Diar juga tak ingin terus terusan berada di panti tersebut. Biar begitu, ia tinggal di asrama panti asuhan hanya karena ingin bisa sekolah paling tidak sebatas SMK. Begitu pula harapan sang ayah yang ingin anaknya mendapat kehidupan yang layak di panti asuhan.

"insyaallah di panti sampai nanti lulus (sekolah)," tutup Diar.

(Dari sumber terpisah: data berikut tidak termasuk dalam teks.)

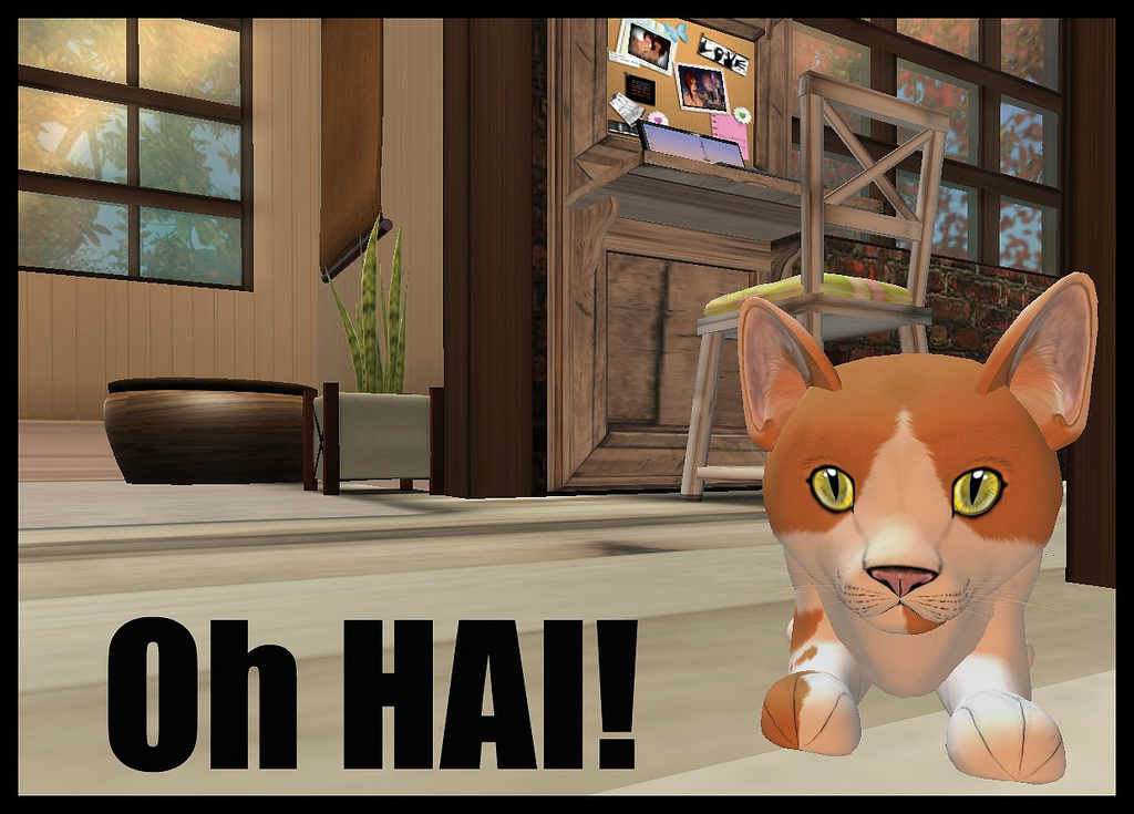 Oh hey… maybe Miss Kitty’d like to do a Pets piece for iRez? You could do the VR-Pets challenge and show of a pet or two… or… since we are trying to explore Virtual Identity, yet we’ve never talked about pets other than that small pix collection… it might be really cool if you wanted to do a little something on the Experience / Appeal / “Addiction” etc, that you described here.

Pada kesempatan yang sama kami berhasil menemui salah satu pengurus Panti Asuhan Nurul Iman. Berhasil ditemui di kantornya, Arik, yang kini dipercaya untuk mengawasi bagian administrasi dan keuangan Panti Asuhan Nurul Iman, menjelaskan terlebih dahulu jika panti asuhan peninggalan kakeknya ini merupakan panti asuhan resmi. 

Sambil menjelaskan ia pun mengeluarkan surat keterangan panti asuhan yang dikeluarkan oleh Dinas Sosial Kota Depok sebagai bukti jika panti asuhannya ini bukanlah panti asuhan abal-abal yang asal menerima anak yang masuk.

Disamping itu Arik menjelaskan jika anak yang masuk ke Panti Asuhan Nurul Iman sebelumnya telah di telusuri terlebih dahulu, hal ini bertujuan untuk mendapatkan sebuah kebenaran jika anak tersebut memang pantas untuk masuk ke panti asuhan.

 Tanpa mengelak saat kami tanyakan mengenai kebenaran akan adanya anak panti asuhan yang masih memiliki keluarga, Arik mengakui jika itu benar adanya. Mereka merupakan anak yang berasal dari kalangan dhuafa, hingga saat ini jumlahnya ada sebanyak 5 orang.

"Anak panti di sini diseleksi, jadi kalau missal orang tuanya tidak mampu atau dhuafa contohnya pemulung yang mau sekolah tapi tidak punya biaya dan kita sekolahkan di sini (sekolah yayasan). Kalau dhuafa diseleksi dari surat keterangan miskin baru ke sini. Kalau yatim/piatu hanya butuh surat kematian. Tapi biasanya (yatim piatu) kita datangi dan tanya berapa anak yang ditinggalkan, lalu kita biayai," terang Arik.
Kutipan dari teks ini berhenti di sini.